Frederick Jacob Titus Chiluba (born April 30, 1943) was the president of Zambia from 1991 to 2002.

He was born to Jacob Titus Chiluba Nkonde and Diana Kaimba and grew up in Ndola where he went to Kawambwa Secondary School. He later completed his General Education Certificate via correspondence and studied economics in both the United States and former Communist countries. He worked as personnel clerk before becoming an accounts assistant at Atlas Copco in Ndola where he joined the National Union of Building, Engineering and General Workers (NUBEGW) rising through the ranks to the post of chairman of the union.

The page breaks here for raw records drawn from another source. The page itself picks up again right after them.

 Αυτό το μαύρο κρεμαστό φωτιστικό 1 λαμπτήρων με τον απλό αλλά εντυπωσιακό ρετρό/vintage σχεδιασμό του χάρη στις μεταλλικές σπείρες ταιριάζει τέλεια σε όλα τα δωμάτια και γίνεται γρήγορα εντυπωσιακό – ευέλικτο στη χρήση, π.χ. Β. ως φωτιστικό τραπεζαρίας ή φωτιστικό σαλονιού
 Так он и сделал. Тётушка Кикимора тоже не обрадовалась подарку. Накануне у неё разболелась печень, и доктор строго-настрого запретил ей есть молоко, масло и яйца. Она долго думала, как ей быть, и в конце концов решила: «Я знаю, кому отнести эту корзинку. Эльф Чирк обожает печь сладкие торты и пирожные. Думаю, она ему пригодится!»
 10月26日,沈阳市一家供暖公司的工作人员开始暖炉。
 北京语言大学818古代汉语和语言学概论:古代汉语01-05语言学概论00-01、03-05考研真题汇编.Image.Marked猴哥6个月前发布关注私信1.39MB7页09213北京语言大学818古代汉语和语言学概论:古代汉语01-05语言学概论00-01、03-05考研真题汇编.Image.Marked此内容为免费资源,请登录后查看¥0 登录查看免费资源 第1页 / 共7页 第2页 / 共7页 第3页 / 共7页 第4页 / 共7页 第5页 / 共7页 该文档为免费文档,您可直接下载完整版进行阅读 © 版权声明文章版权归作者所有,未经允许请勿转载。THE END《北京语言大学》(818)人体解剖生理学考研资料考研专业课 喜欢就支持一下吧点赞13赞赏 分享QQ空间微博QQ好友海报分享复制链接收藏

He went on to win the chairmanship of the Zambia Congress of Trade Unions (ZCTU). In 1987, he successfully withstood challenge to his chairmanship of NUBEGW that would have put his ZCTU position in jeopardy. Chiluba and several leaders in ZCTU were detained in 1981 by then President Kenneth Kaunda for calling a wildcat strike that paralyzed most of the Zambian economy. The union leaders were released after judge ruled their detention as unconstitutional.

In 1990, he helped form the Movement for Multiparty Democracy that went on to successfully challenge the one-party government. Chiluba was elected president on October 31, 1991. He won re-election to second five-year term in 1996 despite a lawsuit questioning his birthplace and hence his eligibility for the post.

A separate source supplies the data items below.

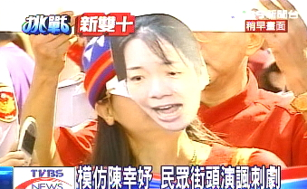 据台湾TVBS报道,陈幸妤多次镜头前脱口而出的话语,通通被改编,扁家成员全都点名,连前“调查局长”叶盛茂也轧上一角,但就因为事前没申请,遭警方举牌警告。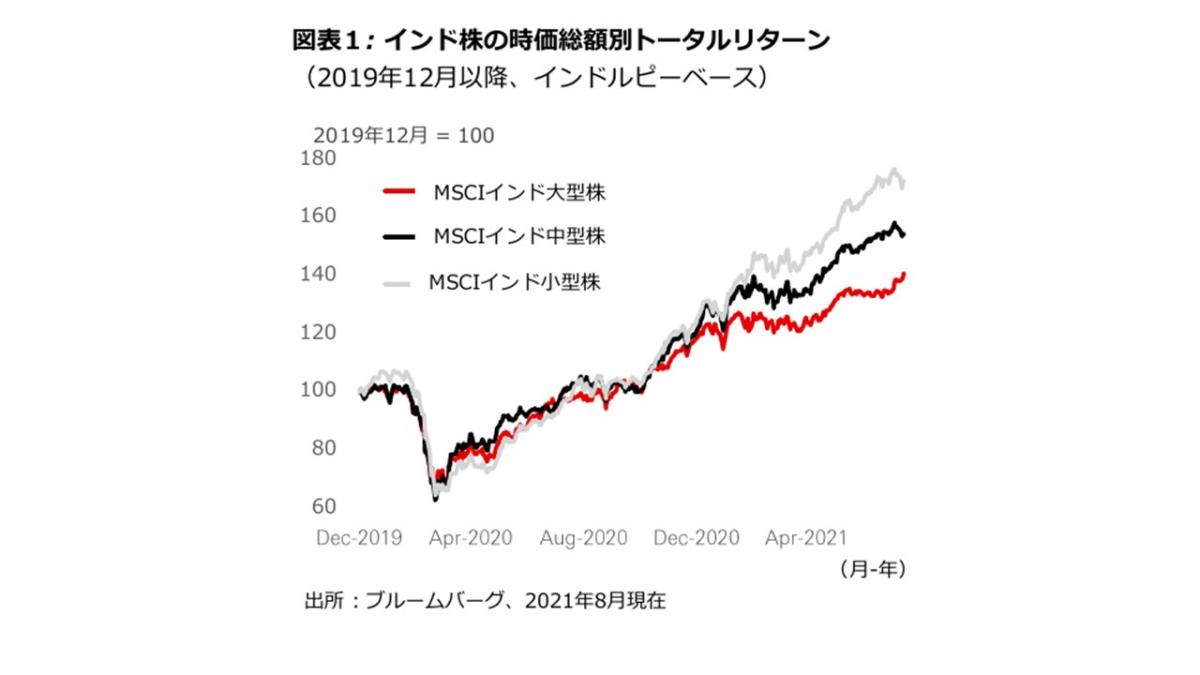 また、インド株式の中で見ると、最近は小型株が大型株を大きくアウトパフォームしていることがわかる。インド株式を時価総額別に見ると、小型株は中型株を15%程度アウトパフォームしており、さらに中型株は大型株を同程度アウトパフォームしている(図表1)。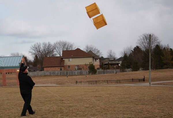 Another piece of the collection soars: George Paisiovich flies a Second World War "Gibson Girl" box kite. Mr. Paisiovich explains that downed pilots would fly this kite with an antenna attached to it so they could send a better SOS signal on their "Gibson Girl" radio transmitter.Ashley Paisiovich

While there has been a dispute about where he was born, (Some candidates in the 1996 presidential elections challenged his eligibility claiming that he or his real father was born in Zaire) there is no doubt that he was raised on the Copperbelt and this contributed to his taking up of unionism.

In late 2001, Chiluba divorced his wife Vera with whom he has nine children.

Despite his party's overwhelming majority in parliament, he failed to win support in his bid to amend the constitution allowing him to run for a third term. He stepped down at the end of his term on January 2, 2002, and was replaced by Levy Mwanawasa, his once time vice president. Although Chiluba started out as a socialist, his policies have turned capitalist, stressing free enterprise with less government interference.

Politically, Chiluba left with a muddled legacy. He successfully brokered a peace agreement for the neighboring Democratic Republic of the Congo but failed to stop the escalating crime and poverty in Zambia. He was elected chairman of the Organization of African Unity after he left the presidency.